Yeah, titles are important in Germany. But this is a bit absurd. Even Germans think so - the head of Germany's office for foreign education, Barbara Buchal-Hoever, said
"This is a completely overdone, mad, absolutely ridiculous situation."
She added "The people who have pressed charges must be gripers or troublemakers who wanted to make a totally absurd point."
And what I'd like to know. Who turned in Baldwin and the other of the American Doctorate-Holding Seven? Probably some disgruntled German graduate student who was struggling with his/her thesis at Heidelberg and was peeved that these damn Yanks were calling themselves "Doktor" when they shouldn't have.
Let the investigation begin. Perhaps we should begin by interrogating law students - they seem like the sort that might learn of this law, and be narrow-minded enough to apply it.
Members of a certain class of foreigners in Germany are being deprived of a fundamental human right due to a 1930s-era German law.

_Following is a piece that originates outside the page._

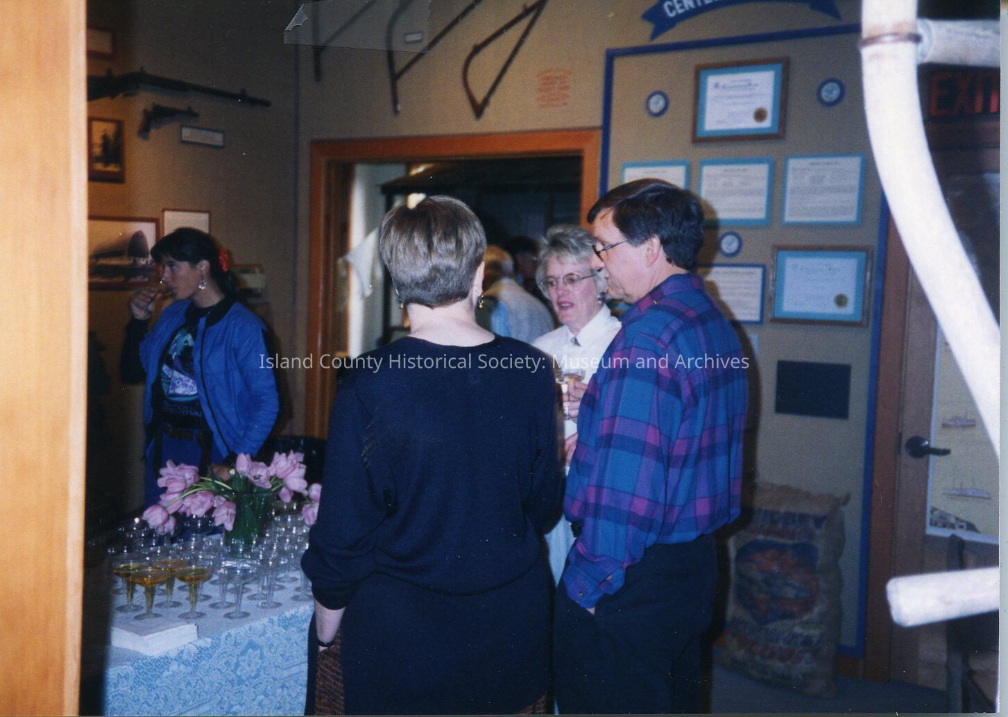 A color photo of several people with wine glasses on the table. There are pink flowers on the table. Handwritten on the back is "Gretchen Ebey's , Bruce & Mary - Postmaster & wife - Carol Olson, May 5,1995."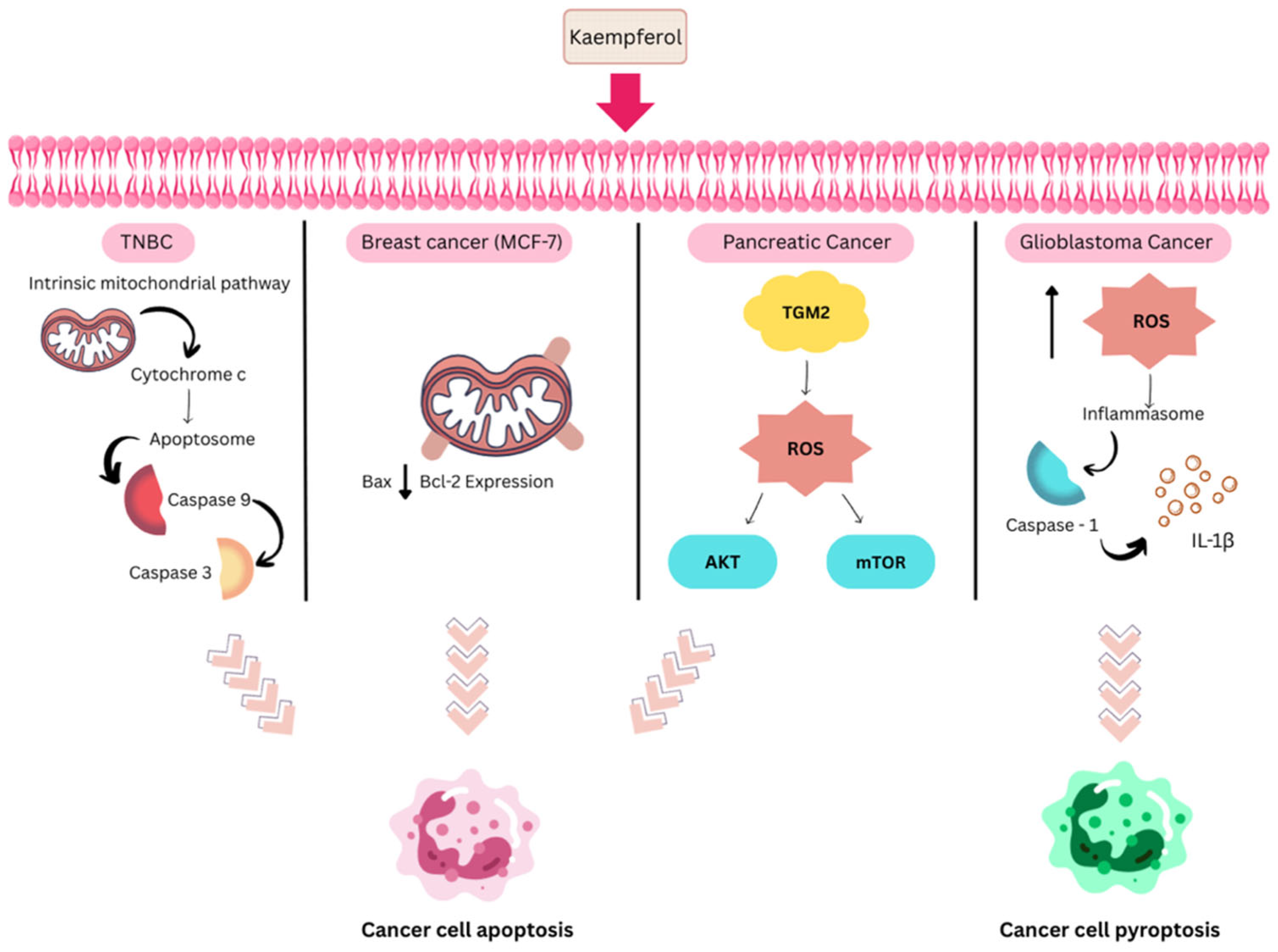 | Breast cancer T-47D and MDA-MB-231 cells | Acacetin exerts its anticancer effects on breast carcinoma cells by inducing cell cycle arrest, generating ROS, and activating RIP1-dependent necroptosis, effects that are modulated by ROS inhibition with NAC and RIP1 inhibition with Necrostatin-1. | [164] |

How awful. The brutality of it all.
I mean, why bother spending all those years of studying and living in crappy student housing to get a PhD if you can't go to Germany and be called "doktor"?
Yep, that's it. Apparently at least 7 American academics in Germany have been investigated by police after being turned in by an anonymous whistle-blower for using the title "doktor" in Germany - a privilege extended only those with a PhD from a German (and since 2001, any European Union) university.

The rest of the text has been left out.